§ **Source material**:
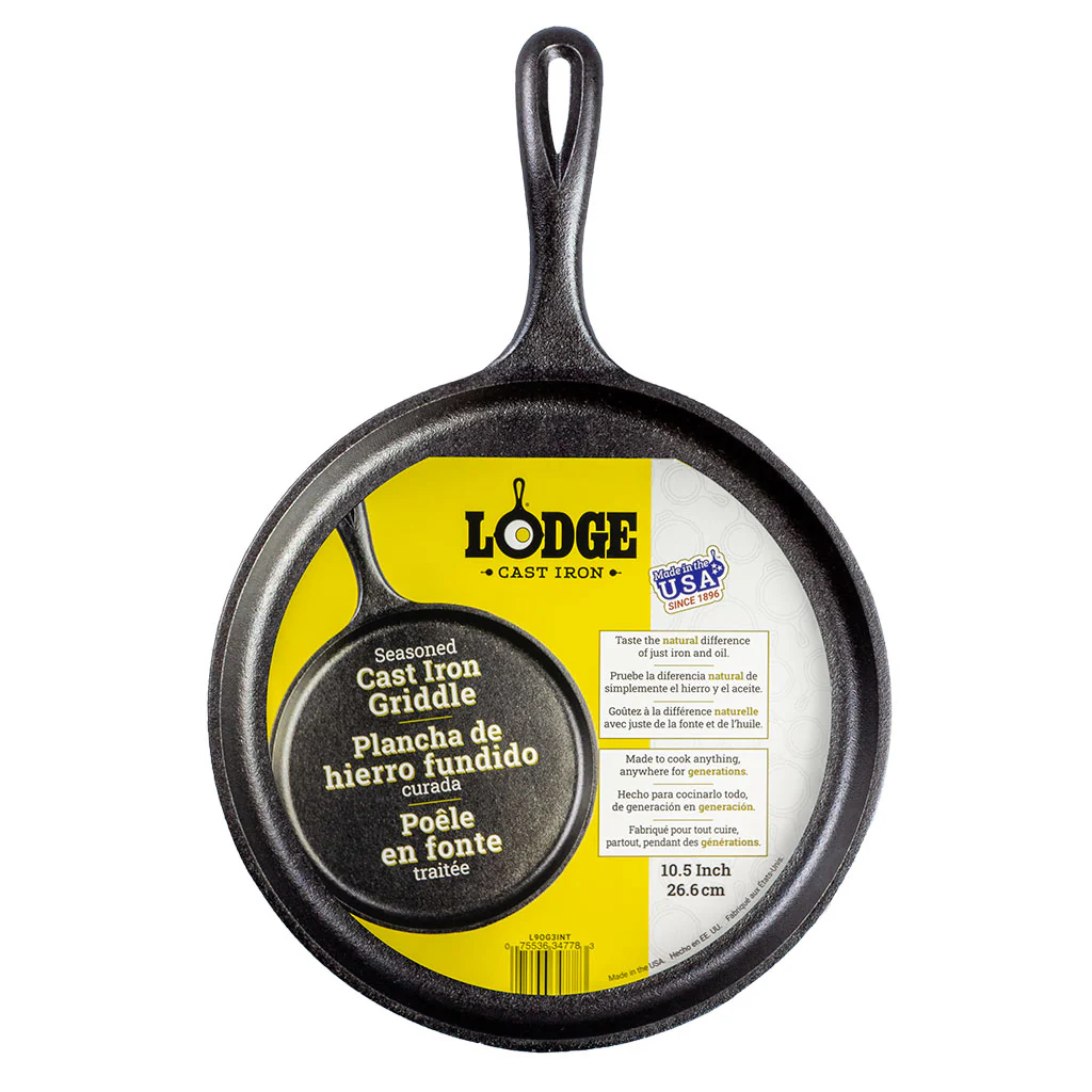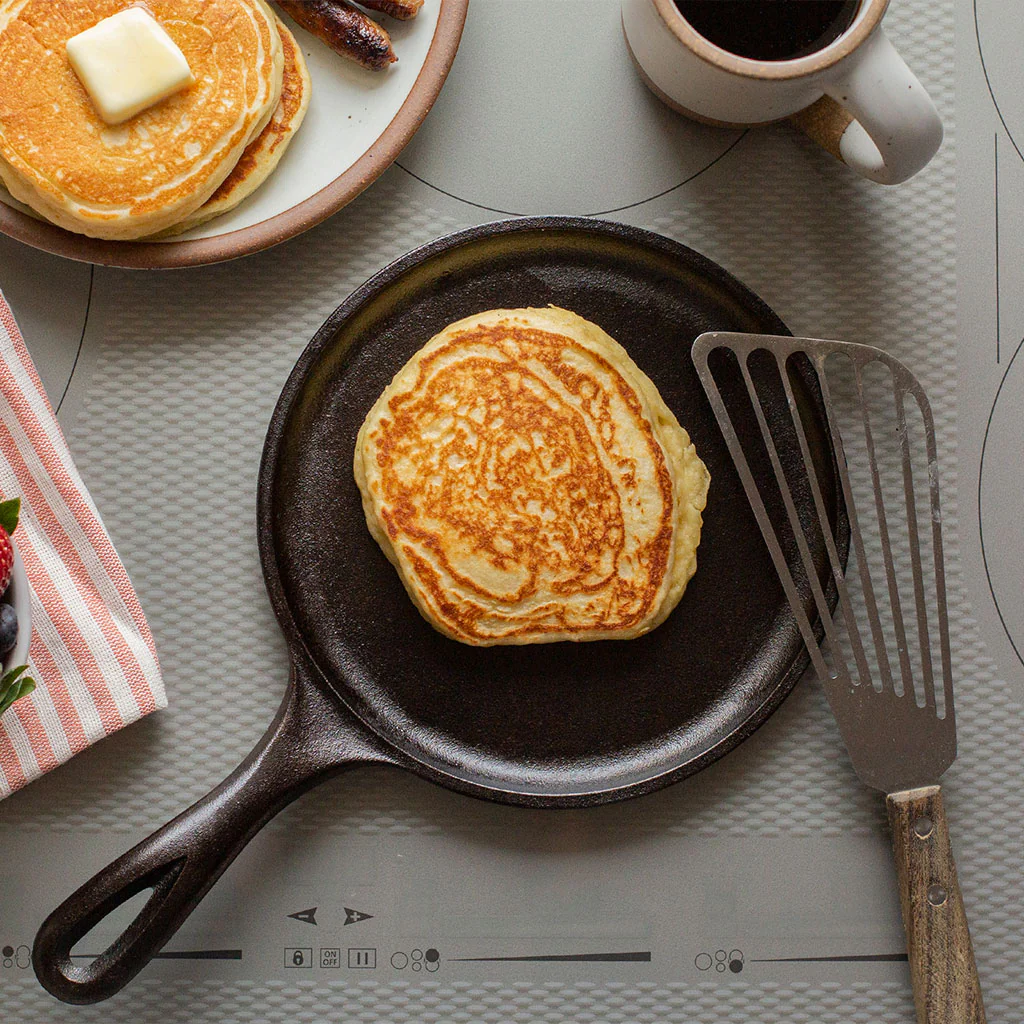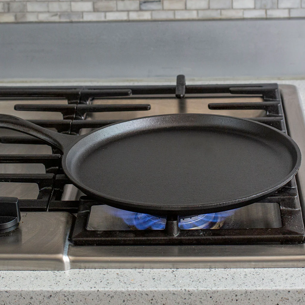 Crepes, tortitas, tortillas, incluso verduras o carnes a la plancha, con la versátil Crepera de hierro Lodge podrás preparar lo que prefieras, con unos resultados estupendos. Esta crepera de hierro fundido, con sus 26,6 cm de diámetro, es una plancha maravillosa para cocinar sin límites, gracias a su excelente retención de la temperatura y al reparto homogéneo del calor en toda su superficie. Robusta y duradera, es también de lo más eficiente.
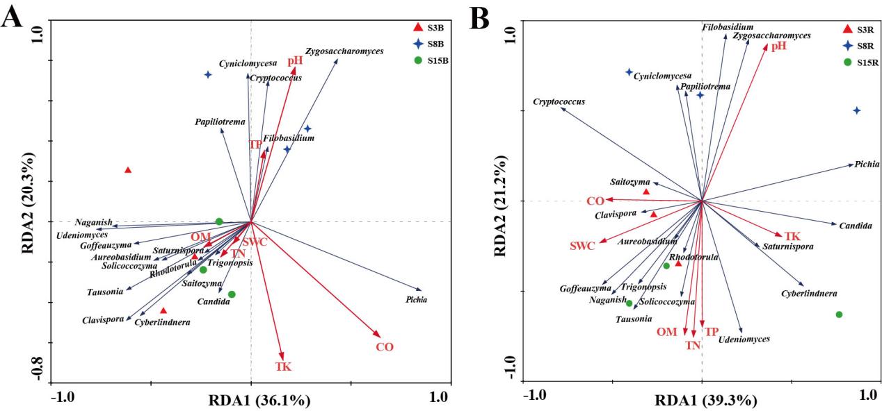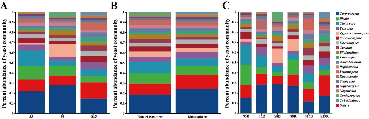 Proportion of dominant yeast genera of soil samples from non-rhizosphere and rhizosphere of 3-year-old (S3), 8-year-old (S8), and 15-year-old (S15) peach trees.
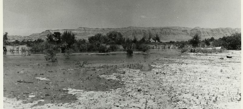 Fiddling while Rome burns? Picking figs while At. Thomas floods! "Elbert Edwards picking figs from an orchard in St. Thomas, Nevada as the rising waters of…
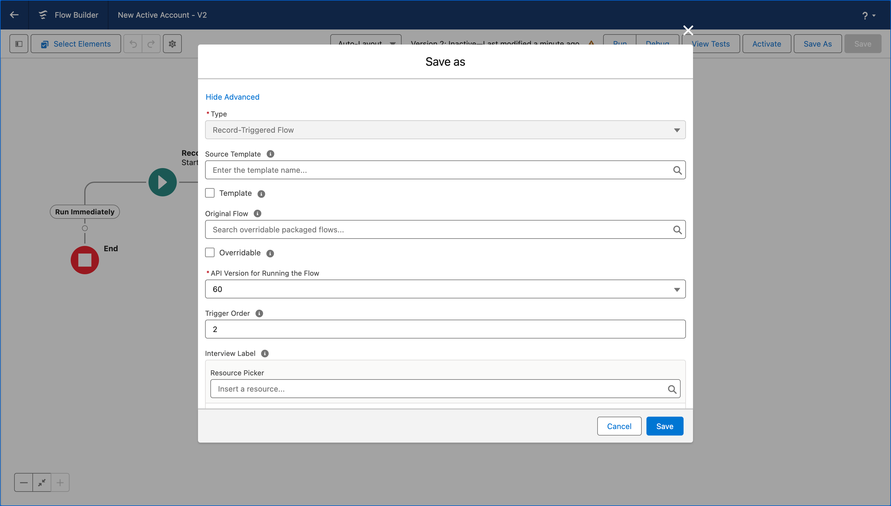 You can also click Show Advanced to make changes such as altering the “API Version for Running the Flow” or setting the “Trigger Order” for this Flow to run if you have other Triggered Flows running for this Object.
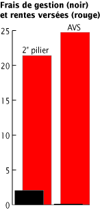 - Le 2e pilier engendre un vrai gaspillage. En 1996, il a engouffré 2 milliards de francs en frais de gestion, léquivalent de 9,3 % de ses 21,4 milliards de prestations. En comparaison, les frais de gestion de lAVS étaient 27 fois moins élevés : 81 millions de francs (0,34 %) pour 24,7 milliards de prestations AVS.

§ **About this task**:
Could you copy, exactly and with no pictures, each line from the first one above to the line holding "You can also"?

§ **Exercise output**:
 Crepes, tortitas, tortillas, incluso verduras o carnes a la plancha, con la versátil Crepera de hierro Lodge podrás preparar lo que prefieras, con unos resultados estupendos. Esta crepera de hierro fundido, con sus 26,6 cm de diámetro, es una plancha maravillosa para cocinar sin límites, gracias a su excelente retención de la temperatura y al reparto homogéneo del calor en toda su superficie. Robusta y duradera, es también de lo más eficiente.
 Proportion of dominant yeast genera of soil samples from non-rhizosphere and rhizosphere of 3-year-old (S3), 8-year-old (S8), and 15-year-old (S15) peach trees.
 Fiddling while Rome burns? Picking figs while At. Thomas floods! "Elbert Edwards picking figs from an orchard in St. Thomas, Nevada as the rising waters of…
 You can also click Show Advanced to make changes such as altering the “API Version for Running the Flow” or setting the “Trigger Order” for this Flow to run if you have other Triggered Flows running for this Object.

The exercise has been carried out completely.